Storing large files directly in Bitcoin transactions imposes significant costs on the entire network, and this externalization of costs has made on-chain data storage a contentious subject within the Bitcoin community. Moreover, the high cost of embedding data on-chain also limits what’s practical to store. Even with witness discounting, storing megabytes of data in Bitcoin transactions is expensive, and storing gigabytes is prohibitive. As a result, many projects today relies on centralized servers or systems like IPFS that don’t actually provide any availability guarantees.

Kontor aims to solve both of these problems—and provide a viable alternative for scalable data storage on the Bitcoin network—with a storage system that operates entirely on Bitcoin while keeping the stateless data off-chain. The Bitcoin blockchain records the cryptographic commitments, storage agreements, and periodic proofs—all the stateful components of the system that require consensus and immutability, while the file contents themselves are held by storage nodes who are strongly economically incentivized through ongoing KOR emissions and penalized through slashing for failures. This architecture makes large-scale data storage economically practical and provides very strong guarantees of perpetual availability.

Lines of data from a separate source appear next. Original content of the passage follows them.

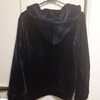 色も深めのネイビーで、ベロアっぽい光沢があるので、フリースですがラフすぎずきれいめに見えると思います。
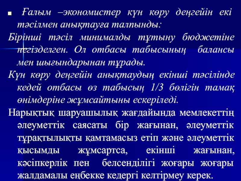 Слайд 13 Ғалым –экономистер күн көру деңгейін екі тәсілмен анықтауға талпынды:
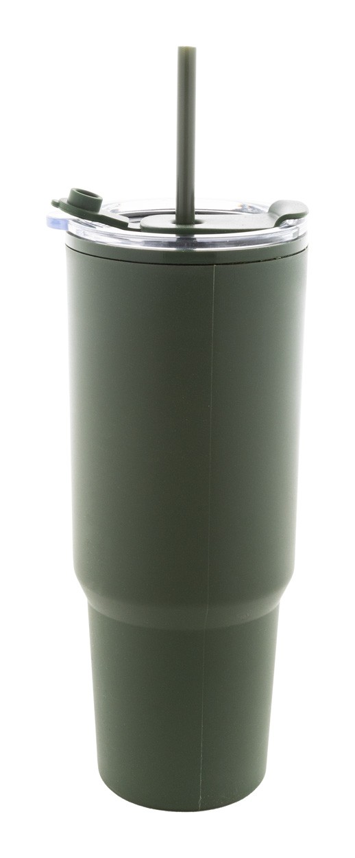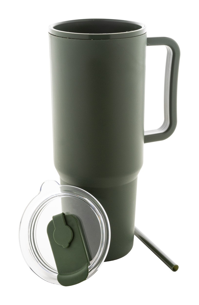 Cană termoizolată din plastic PP, cu perete dublu, cu capac de băut și pai. 1100 ml.
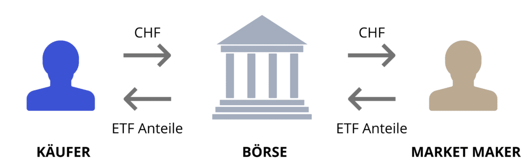 Wer als Market Maker agieren darf, wird von der jeweiligen Börse festgelegt. An der von SIX betriebenen Schweizer Börse sind insgesamt 18 Market Maker für ETFs zugelassen. Es ist auch die Börse, die gewisse Anforderungen an die Market Maker stellt. So muss ein Market Maker zum Beispiel zu den offiziellen Handelszeiten im Auftragsbuch präsent sein und seine gestellten Kurse dürfen einen gewissen Spread nicht überschreiten.
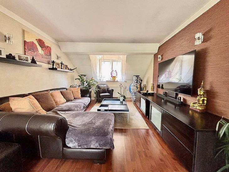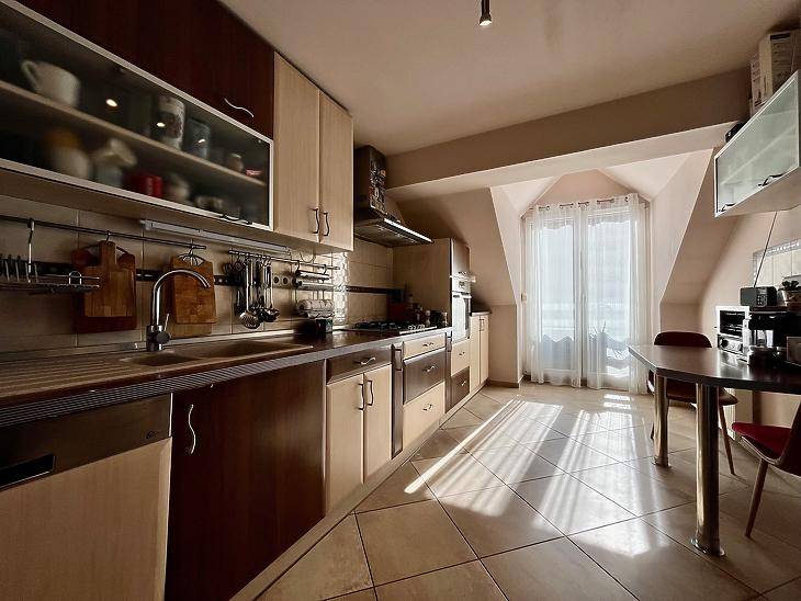 Eladó tágas tetőtéri lakás Újlak csendes, zöldövezeti részénA Kolosy tér és a Hármashatár-hegy közelében, egy hangulatos, macskaköves utcában kínálunk eladásra egy 148 m²-es, második emeleti tetőtéri lakást, egy négylakásos házban. A környék folyamatosan fejlődik, szemben lévő épületet épp felújítják, a közelben sportpálya is található.A lakás 3 különnyíló szobával rendelkezik (14, 16 és egy 33 m²-es nappali), utóbbiból közvetlen kijárat nyílik a napfényes, 10 m²-es teraszra. A konyha tágas, kamrával és francia erkéllyel. Külön fürdő, két WC, gardrób, valamint saját padlás és tároló is tartozik hozzá. A hálószobák klimatizáltak, a nappali igény esetén könnyen kettéosztható, így akár egy plusz szoba is kialakítható. A lakáshoz kizárólagos kertkapcsolat is jár.A ház használati megosztással rendelkezik, a társasházzá alakítás folyamatban van. Ritka lehetőség a környéken, ahol már szinte csak nagyobb társasházak találhatók, de a lakás jelenlegi állapotában is hitelezhetőHa egy napfényes, nyugodt, jól megközelíthető otthont keres Budán, ez a lakás remek választás. További információért, megtekintésért keressen minket bizalommal.

Kontor’s approach differs from that of other blockchain storage solutions in both economics and architecture. Projects like Filecoin, Sia, and Chia are primarily designed to compete with centralized cloud storage—optimizing for cost and capacity to handle bulk data where users can re-upload if files are lost. Kontor targets blockchain-native applications requiring perpetual availability without user intervention and it aims to be a scalable alternative to on-chain data storage. Kontor combines positive incentives (block emissions) with negative incentives (slashing), and integrates directly with Bitcoin rather than operating as a separate blockchain, allowing users to upload files to the Kontor storage network with BTC or other Bitcoin metaprotocol tokens with a chain of standard Bitcoin transactions.

Protocol

File agreement creation.

A user prepares a file by applying Reed-Solomon erasure coding, which adds redundancy so the file can be recovered even if some data is lost. The encoded file is organized into a Merkle tree, and the tree’s root serves as a cryptographic commitment to the entire file. The user creates a FileAgreement transaction containing this Merkle root, the file size, and signatures from at least a minimum number of storage nodes. Once confirmed on Bitcoin, the agreement becomes active—storage nodes hold the file data off-chain and begin earning rewards. The blockchain stores the metadata and the cryptographic commitments, but not the file contents themselves. In practice, users may use a “storage portal” service to automate the file preparation and signature-gathering steps.

Emissions and staking.

Each block, files generate KOR emissions. Files created earlier in the network’s history receive slightly higher weights, ensuring valuable historical data remains attractive to store as the network grows. Emissions are distributed equally among the nodes storing each file. Storage nodes must stake KOR proportional to their commitments, with requirements designed to prevent Sybil attacks and ensure capital efficiency. Nodes wishing to exit agreements must pay fees that increase as a file’s replication approaches its minimum threshold.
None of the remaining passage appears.